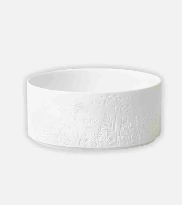 Vil du give en gave med lidt ekstra hjerte, så er denne skål, virkelig smuk. Den er fyldt med blomster og blade, der er støbt ind i porcelænet, der gør den virkelig smuk og noget helt særligt.
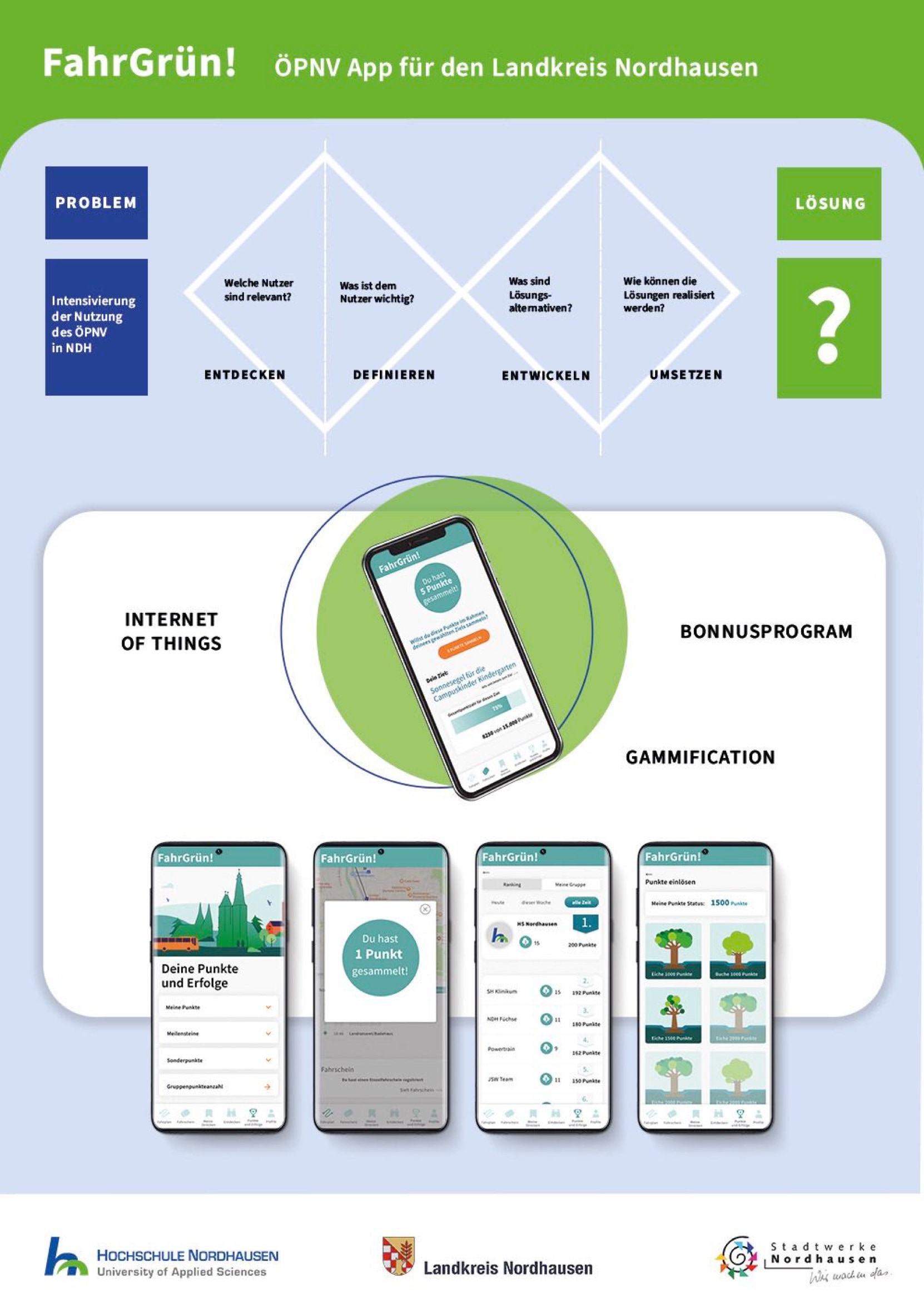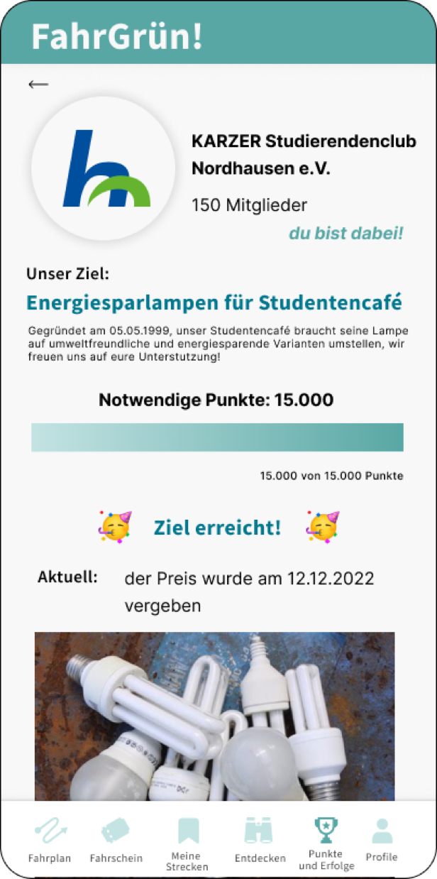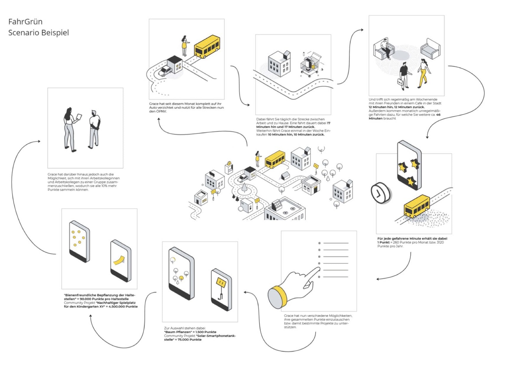 FahrGrün! is a gamification app that rewards users with points for each ride they take on public transportation. The app was developed to encourage more people to use public transportation and reduce the number of cars on the road.
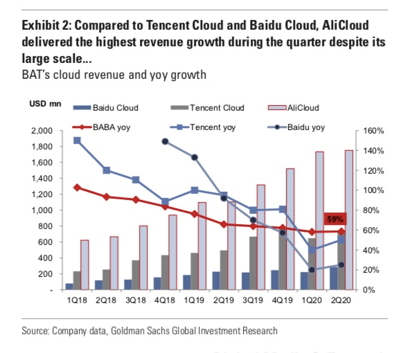 其中,在代表基础科技能力的云计算上,腾讯选择连续两个季度未单独披露述职,按照高盛的推算,在2020年前两个季度,腾讯云季度收入约在40~50亿元之间,同比增速分别降至40%和50%;增速甚至明显低于营收规模约2.5倍大的阿里云。阿里云在2017年第四季度相当的营收规模下,同比增速能保持在90%以上。
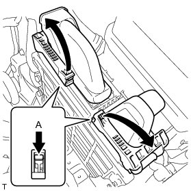 (b) While slightly pushing portion A of the lever of the ECM connector, turn the lever until it makes a click sound.
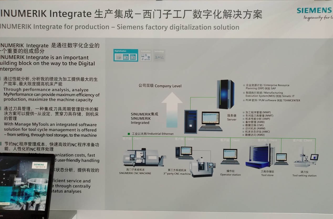 面对网络化、数字化制造时代的到来,全球机床工具行业推出了一系列新技术与新产品。这些技术和产品具备鲜明的网络化、数字化生产装备的特点,具有完整先进的网络方案、强大的通信功能、灵活兼容的开放性和丰富的应用软件,实现了数控系统由“机床控制器”向“数字化制造管控器”转变,数控机床由“制造机器”向“数字化单元”转变。与此同时,一些著名企业利用长期从事数控技术研发积累的特有技术优势和经验,与“互联网+“结合,推出网络化/数字化工厂智能解决方案,协助客户从软硬两方面共同推动数字化工厂的建设和发展。CIMT现场一些代表性的方案如下:
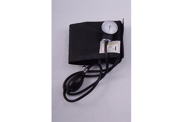 An adult aneroid sphygmomanometer, white-faced 300 mm Hg no pin stop manometer with black numerals.
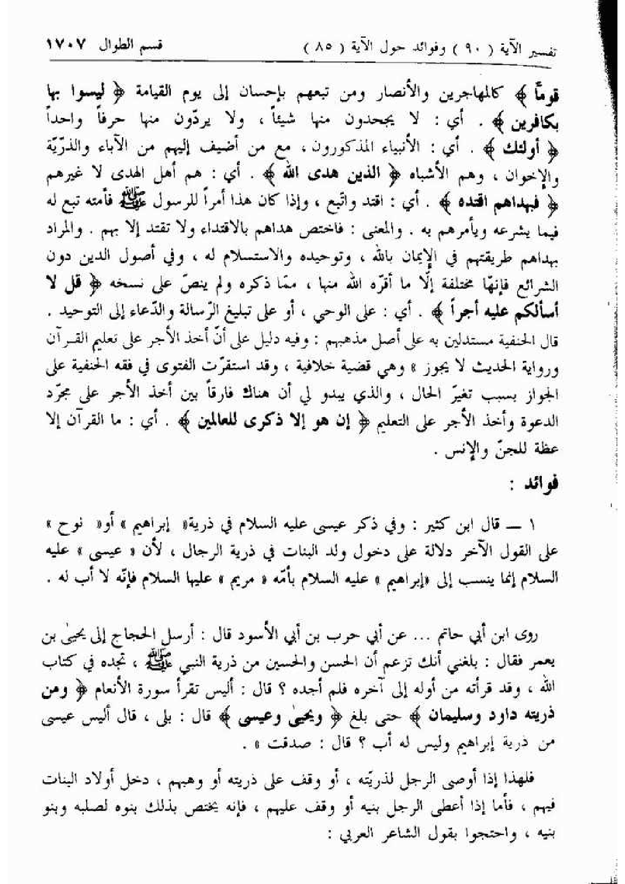 1 - قال ابن كثير: وفي ذكر عيسى عليه السلام في ذرية «إبراهيم» أو «نوح» على القول الآخر دلالة على دخول ولد البنات في ذرية الرجال، لأن «عيسى» عليه السلام إنما ينسب إلى «إبراهيم» عليه السلام بأمّه «مريم» عليها السلام فإنّه لا أب له.

* _WORK TO BE COMPLETED_
Return the listing exactly as it appears, excluding any image.

* _RESPONSE TO THE TASK_
 Vil du give en gave med lidt ekstra hjerte, så er denne skål, virkelig smuk. Den er fyldt med blomster og blade, der er støbt ind i porcelænet, der gør den virkelig smuk og noget helt særligt.
 FahrGrün! is a gamification app that rewards users with points for each ride they take on public transportation. The app was developed to encourage more people to use public transportation and reduce the number of cars on the road.
 其中,在代表基础科技能力的云计算上,腾讯选择连续两个季度未单独披露述职,按照高盛的推算,在2020年前两个季度,腾讯云季度收入约在40~50亿元之间,同比增速分别降至40%和50%;增速甚至明显低于营收规模约2.5倍大的阿里云。阿里云在2017年第四季度相当的营收规模下,同比增速能保持在90%以上。
 (b) While slightly pushing portion A of the lever of the ECM connector, turn the lever until it makes a click sound.
 面对网络化、数字化制造时代的到来,全球机床工具行业推出了一系列新技术与新产品。这些技术和产品具备鲜明的网络化、数字化生产装备的特点,具有完整先进的网络方案、强大的通信功能、灵活兼容的开放性和丰富的应用软件,实现了数控系统由“机床控制器”向“数字化制造管控器”转变,数控机床由“制造机器”向“数字化单元”转变。与此同时,一些著名企业利用长期从事数控技术研发积累的特有技术优势和经验,与“互联网+“结合,推出网络化/数字化工厂智能解决方案,协助客户从软硬两方面共同推动数字化工厂的建设和发展。CIMT现场一些代表性的方案如下:
 An adult aneroid sphygmomanometer, white-faced 300 mm Hg no pin stop manometer with black numerals.
 1 - قال ابن كثير: وفي ذكر عيسى عليه السلام في ذرية «إبراهيم» أو «نوح» على القول الآخر دلالة على دخول ولد البنات في ذرية الرجال، لأن «عيسى» عليه السلام إنما ينسب إلى «إبراهيم» عليه السلام بأمّه «مريم» عليها السلام فإنّه لا أب له.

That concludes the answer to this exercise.